Saquei um livro da estante, e li:
-Cidadão Kane é, de longe, o
filme mais dissecado da história do cinema. Incontáveis ensaios escritos a seu
respeito inibem qualquer pretensão de abordá-lo com originalidade, só restando
repetir o que já foi dito: sua estrutura elíptica aliada à atmosfera barroca, à
montagem enxuta e à descoberta de que os objetivos existentes na época poderiam
proporcionar a profundidade de campo, até então nunca vista, fizeram de Kane
o filme mais perturbador de todos os tempos.

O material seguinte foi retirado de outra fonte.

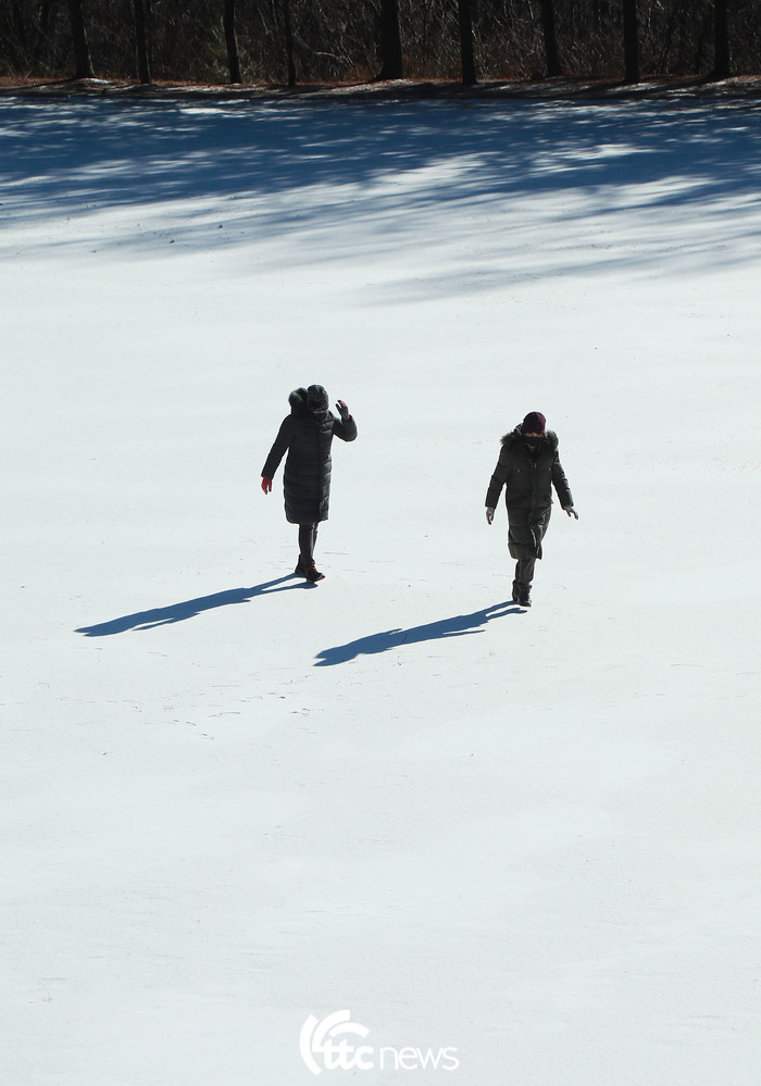 14일 경남 함양군 서상면 경남덕유학생교육원에서 바라본 남덕유산이 파란 하늘과 하얀 눈이 어우러져 아름다움을 연출하고 있는 가운데 산 아래 운동장이 하얗게 변해 겨울 정취를 풍기고 있다.
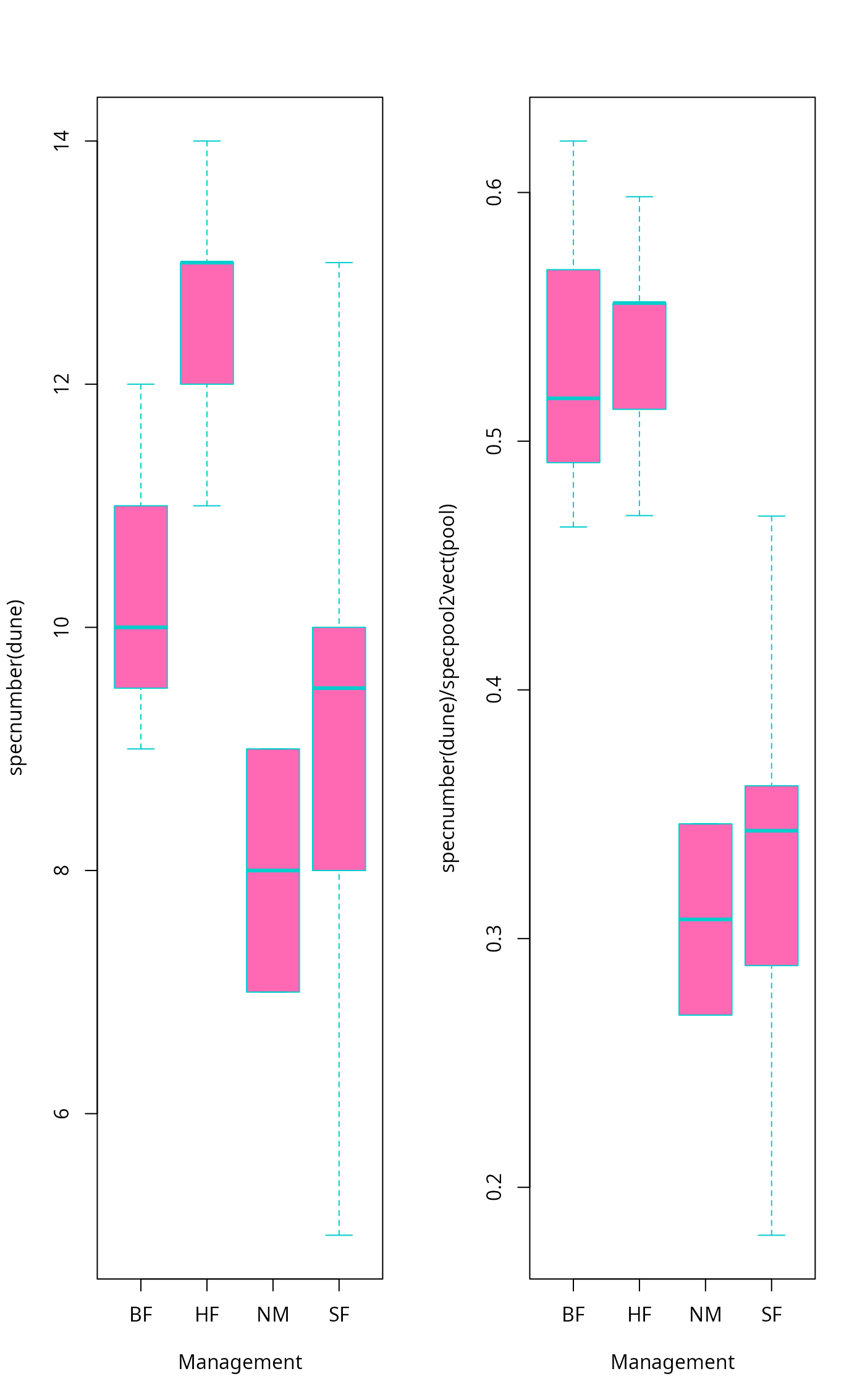 boxplot(specnumber(dune) ~ Management, data = dune.env,

-Porque foi realizada uma obra de arte,
o faturamento não foi elevado, e você não enriqueceu com os 25% da receita.
-Não penso em meu trabalho nestes
termos. É tão reles trabalhar com o interesse de prosperidade quanto trabalhar
com a cobiça do dinheiro.
-Em seguida, você escreve o roteiro de Soberba,
baseado no romance de Booth Tarkington, e parte para a filmagem.
-Consegui uma boa equipe. A música esta
a cargo de Bernard Herrmann. Houve algum compositor de cinema que o superasse?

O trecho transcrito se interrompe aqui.